When positioning a ribbon mic on an amp, there are a few options to consider. First, try orienting the mic facing the amp straight-on. This position will produce the most accurate, balanced frequency response.
If you find that the proximity effect of the microphone creates too much low-end, try angling the mic so that the ribbon is no longer parallel to the amp face. This will temper the low-end proximity effect, while still retaining the extended top-end of a ribbon.
Another option to capture different tones is an off-axis position. This position can capture the varied tones produced by different areas of a speaker cone.

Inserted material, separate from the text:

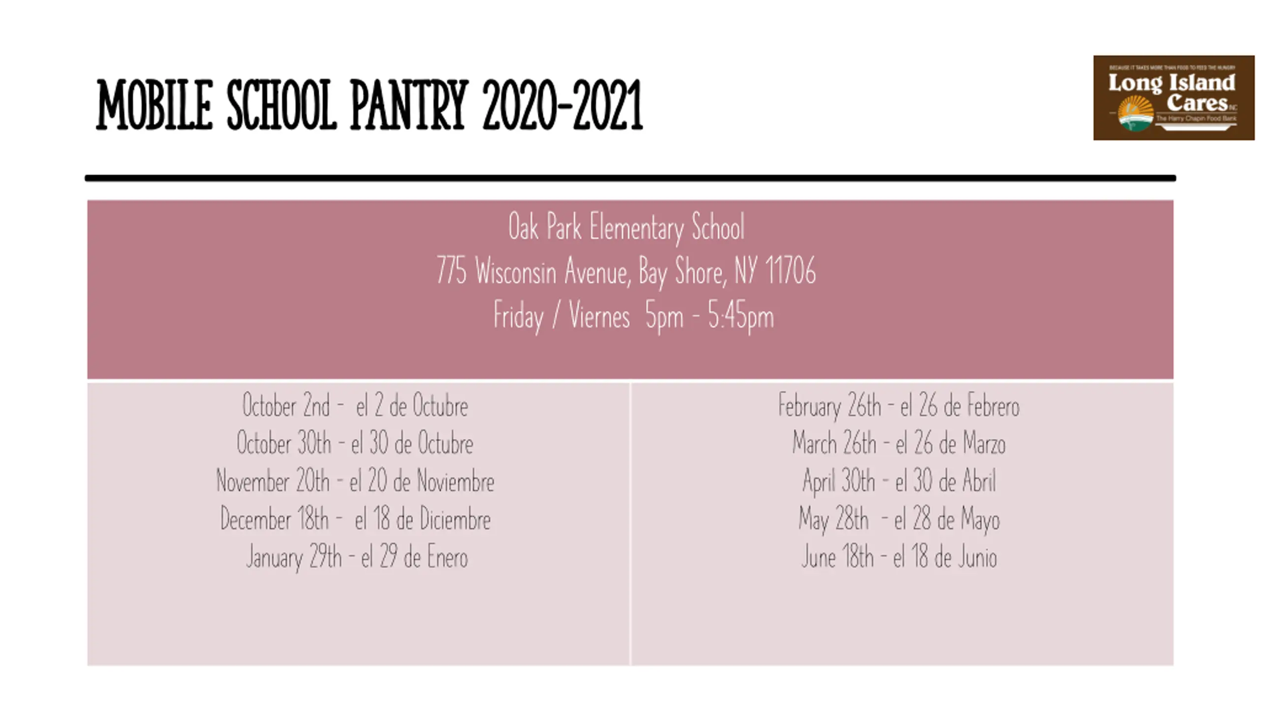 Mobile School Pantry Mobile School Pantry 2020 2020- -2021 2021 Oak Park Elementary School 775 Wisconsin Avenue, Bay Shore, NY 11706 Friday / Viernes 5pm 5:45pm October2nd el2deOctubre October30th el30deOctubre November20th el20deNoviembre December18th el18deDiciembre January29th el29de Enero February 26th el26deFebrero March 26th el26deMarzo April 30th el30 deAbril May28th el28de Mayo June18th el18de Junio

To ensure that the ribbon will not be damaged by strong blasts of air from an amp, place your hand near the amp grill and move it away until you can’t feel moving air, then place the microphone in that position. As an additional precaution, you can tilt the ribbon slightly upward, thereby relieving the ribbon of some tension and allows it to take slightly more impact from air.
A widely popular amp recording method involves blending one ribbon signal with a moving-coil dynamic mic to gain additional high-end bite in the mix. When applying this method, remember to correct phase between the two microphones before tracking.
Many engineers use multiple mics on the same amp to craft a tone. When doing so, ensure that your mics are all equidistant from the amp. That way the sounds arriving at each microphone are in phase. If you plan to use multiple mics that are not equidistant to the amp, you can double check phase coherency by toggling the polarity switches on your preamp or track in your DAW.